This question is almost the same as a previous question, but differs enough that the answers for that question don't work here. Like #chase in the last question, I want to write out multiple files for each split of a dataframe in the following format(custom fasta).
#same df as last question
df <- data.frame(
var1 = sample(1:10, 6, replace = TRUE)
, var2 = sample(LETTERS[1:2], 6, replace = TRUE)
, theday = c(1,1,2,2,3,3)
)
#how I want the data to look
write(paste(">", df$var1,"_", df$var2, "\n", df$theday, sep=""), file="test.txt")
#whole df output looks like this:
#test.txt
>1_A
1
>8_A
1
>4_A
2
>9_A
2
>2_A
3
>1_A
3
However, instead of getting the output from the entire dataframe I want to generate individual files for each subset of data. Using d_ply as follows:
d_ply(df, .(theday), function(x) write(paste(">", df$var1,"_", df$var2, "\n", df$theday, sep=""), file=paste(x$theday,".fasta",sep="")))

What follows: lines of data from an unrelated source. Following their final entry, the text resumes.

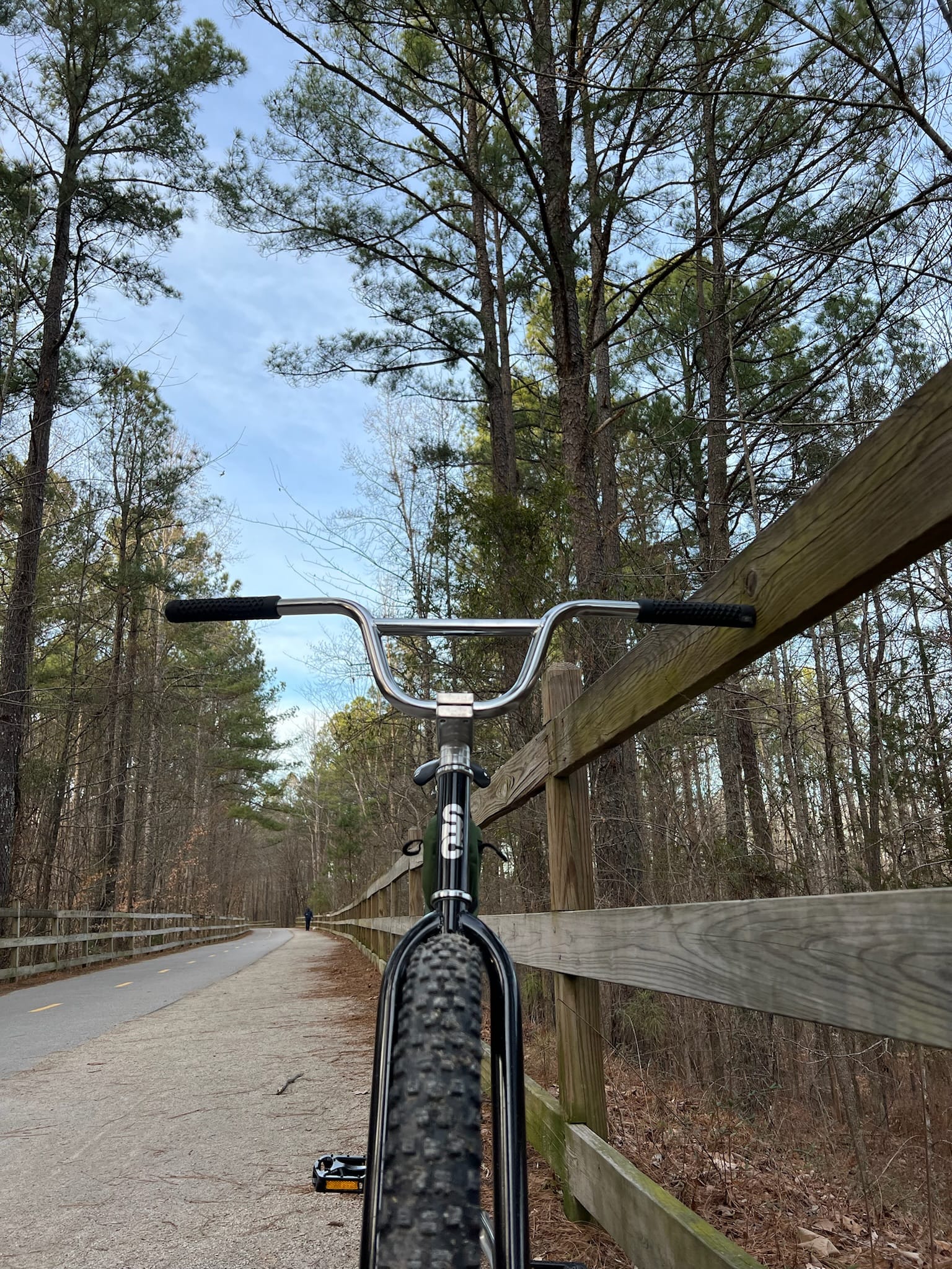 One of the guys I ride with called on Sunday around noon, saying he had rented the bike for his girlfriend and was wondering where to pick it up. I answered his call from my bike in the middle of Umstead - not really in a position to drop everything, ride back home, and get him the bike. So that was lesson 1: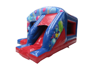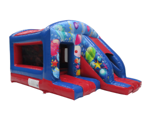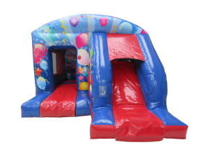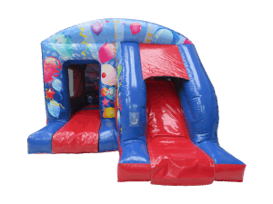 Bright, safe and party-ready. The Front Slide Combo Red Blue is a compact bouncy castle with a built-in slide and vibrant balloons-and-streamers artwork. Perfect for indoor venues. Stands 2.9m high. Ideal for children's party fun and lively corporate family events. Book with confidence for safe, enjoyable play. 🎉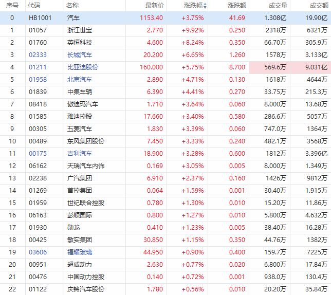 华盛资讯5月20日消息,港股汽车板块今日普涨,截止发稿,浙江世宝涨超9%;英恒科技涨超8%;长城汽车涨超6%;比亚迪股份涨超5%;北京汽车、中集车辆涨超4%;雅迪控股、吉利汽车涨超3%。

I get the following output error:
Error in file(file, ifelse(append, "a", "w")) :
invalid 'description' argument
In addition: Warning messages:
1: In if (file == "") file <- stdout() else if (substring(file, 1L, :
the condition has length > 1 and only the first element will be used
2: In if (substring(file, 1L, 1L) == "|") { :
the condition has length > 1 and only the first element will be used
Any suggestions on how to get around this?
Thanks,
zachcp
There were two problems with your code.
First, in constructing the file name, you passed the vector x$theday to paste(). Since x$theday is taken from a column of a data.frame, it often has more than one element. The error you saw was write() complaining when you passed several file names to its file= argument. Using instead unique(x$theday) ensures that you will only ever paste together a single file name rather than possibly more than one.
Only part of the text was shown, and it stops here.